A well proven method for creating a 3D image is to cause a viewer to see different perspective views of a scene with each eye. One way to do this is to display two differently polarized images on a screen, and for the viewer to wear corresponding polarizing filters on each eye.
An autostereoscopic display or a three dimensional (3D) display may be implemented using an aperture or slit array in conjunction with a two dimensional (2D) display to display a 3D image. The principle of the device is that when looking at a 2D image through a slit array, the slit array separated from the screen by a distance, then the viewer sees a different part of the 2D image with each eye. If an appropriate image is rendered and displayed on the 2D display, then a different perspective image can be displayed to each eye of the viewer without necessitating them to wear filters over each eye.

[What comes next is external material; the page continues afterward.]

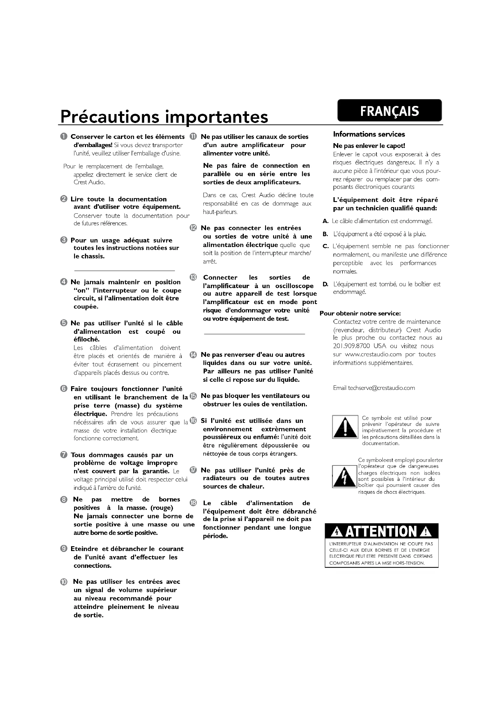 Pour obtenir notre service: Contactez votre centre de maintenance (revendeur, distributeur) Crest Audio le plus proche ou contactez nous au 201.909.8700 USA ou visitez nous sur www.crestaudio.com por toutes informations supplémentaires.Email techserve@crestaudio.comCe symbole est utilisé pour prévenir l’opérateur de suivre impérativement la procédure et les précautions détaillées dans la documentation.Ce symbole est employé pour alerter l’opérateur que de dangereuses charges électriques non isolées sont possibles à l’intérieur du boîtier qui pourraient causer des risques de chocs électriques. Précautions importantes ATTENTION L'INTERRUPTEUR D'ALIMENTAT ION NE COUPE PA S CELLE-CI AUX DEUX BORNES ET DE L'ENERGIE ELECTRIQUE PEUT ETRE PRESENTE DANS CERTAINS COMPOSANTS APRES LA MISE HORS-TENSION. FRANÇAISp. 40 Table des matières

One important parameter which governs quality in most 3D display technology, is bandwidth, defined as the amount of data presented by a 3D display. To achieve large depth with high resolution over a wide viewing area, a large bandwidth is usually required.

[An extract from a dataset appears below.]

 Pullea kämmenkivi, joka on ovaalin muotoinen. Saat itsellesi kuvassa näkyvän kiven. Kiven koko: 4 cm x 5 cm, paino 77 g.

Embodiments of the invention demonstrate ways in which bandwidth limitations of autostereoscopic display apparatus may be overcome in order that high resolution 3D images may be displayed.

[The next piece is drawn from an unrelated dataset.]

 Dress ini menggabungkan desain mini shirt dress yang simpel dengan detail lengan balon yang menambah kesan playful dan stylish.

The invention disclosed herein may be implemented in the scanning slit time-multiplexed system described in PCT application PCT/IB2005/001480. However, the invention may also be used in conjunction with other display systems.
The scanning slit system creates the 3D effect by showing different pictures to different locations in front of the display at high speed. It achieves this by combining a high frame rate 2D display with a shutter. The shutter is synchronised with the display and ensures that different portions of the 2D display are visible only from specific locations. The left image in FIG. 1 shows how a viewer looking through a narrow slit will see two distinct regions, one for each eye. To create a 3D display from this simple slit system, the slit must shift laterally sufficiently quickly so that a viewer sees the scanning shutter as a transparent window. If all the slits are updated quickly enough to be perceived as flicker-free, a viewer will see the full resolution of the underlying 2D display from any position. The 2D display shows different images synchronised with the opening of slits in the shutter, as shown in the right image in FIG. 1.